Hudson C, Flanagan J G, Turner G S, McLeod D
University Department of Ophthalmology, Manchester Royal Eye Hospital.
Br J Ophthalmol. 1998 Feb;82(2):121-30. doi: 10.1136/bjo.82.2.121.
(i) To evaluate the relation between retinal thickness and the Z profile signal width of a scanning laser tomographer in selected patients exhibiting clinically manifest and circumscribed macular retinal thickening; (ii) to compare the Z profile signal width values of a group of age similar normal subjects with those of the patients with macular retinal thickening; and (iii) to present the methodology underlying the Z profile signal width derivation.
Three patients with the following conditions were selected: widespread diabetic macular oedema; localised diabetic macular oedema; and macular hole. The patients were selected because they exhibited clinically manifest and circumscribed macular retinal thickening. Patients underwent fundus photography and a clinical examination which included fundus biomicroscopy. Fourteen age similar normal subjects were also assessed. The Heidelberg retina tomograph (HRT) was utilised to acquire seven topographic images of each macula. Z profile signal width data were analysed using custom software. Signal width was measured at 50% of the maximum intensity.
For each patient with macular retinal thickening, Z profile signal width analysis (after normalisation to reduce the influence of variation in reflectance intensity between successive images) revealed a significant (p < 0.0001) localised increase of signal width which agreed with the HRT topographic analysis of retinal height, and also the clinical assessment of retinal thickness. The mean normalised Z profile signal width for the normal subjects (assessed over the whole image) ranged from 0.278 (SD 0.039) to 0.444 (0.063); these values compared with those obtained from patients in areas of macular retinal thickening of 0.761 (0.224) to 0.953 (0.194). Z profile signal width test-retest data for the patient with localised diabetic macular oedema were plus or minus 0.159 which compared with a mean signal width value of 0.761.

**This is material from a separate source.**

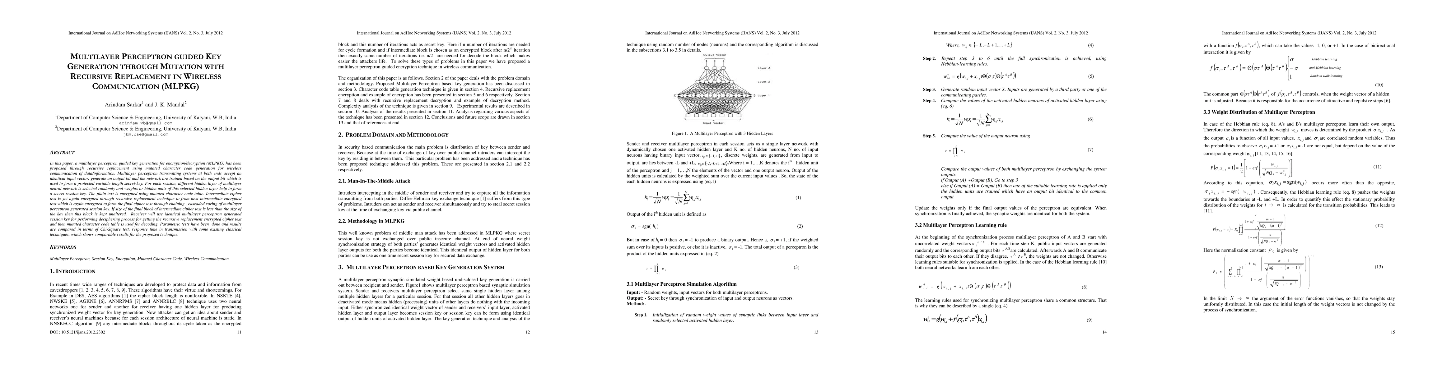 This paper proposes a multilayer perceptron guided key generation (MLPKG) method for secure wireless communication using recursive replacement and mutated character codes. The method employs neural networks to create session keys and encrypts data through multiple layers of encryption, showing comparable results to classical techniques in parametric tests.

The evidence of this study, based upon three selected patients with macular retinal thickening and 14 normal subjects, would suggest that Z profile signal width analysis offers a non-invasive, objective, topographic, and reproducible index of macular retinal thickening. Studies employing larger sample sizes are required to determine the true clinical worth of the technique.
(i)评估在选定的表现为临床明显且局限性黄斑视网膜增厚的患者中,视网膜厚度与扫描激光断层扫描仪的Z轮廓信号宽度之间的关系;(ii)比较一组年龄相仿的正常受试者与黄斑视网膜增厚患者的Z轮廓信号宽度值;(iii)介绍Z轮廓信号宽度推导的基本方法。
选择三名患有以下病症的患者:广泛糖尿病性黄斑水肿;局限性糖尿病性黄斑水肿;黄斑裂孔。选择这些患者是因为他们表现出临床明显且局限性的黄斑视网膜增厚。患者接受了眼底摄影和包括眼底生物显微镜检查在内的临床检查。还评估了十四名年龄相仿的正常受试者。使用海德堡视网膜断层扫描仪(HRT)获取每个黄斑的七张地形图。使用定制软件分析Z轮廓信号宽度数据。在最大强度的50%处测量信号宽度。
对于每例黄斑视网膜增厚患者,Z轮廓信号宽度分析(在归一化以减少连续图像之间反射强度变化的影响后)显示信号宽度有显著(p<0.0001)的局部增加,这与视网膜高度的HRT地形图分析以及视网膜厚度的临床评估一致。正常受试者(在整个图像上评估)的平均归一化Z轮廓信号宽度范围为0.278(标准差0.039)至0.444(0.063);这些值与黄斑视网膜增厚区域患者获得的值相比,为0.761(0.224)至0.953(0.194)。局限性糖尿病性黄斑水肿患者的Z轮廓信号宽度重测数据为正负0.159,而平均信号宽度值为0.761。
基于三名选定的黄斑视网膜增厚患者和十四名正常受试者的本研究证据表明,Z轮廓信号宽度分析提供了一种非侵入性、客观、地形图式且可重复的黄斑视网膜增厚指标。需要采用更大样本量的研究来确定该技术的真正临床价值。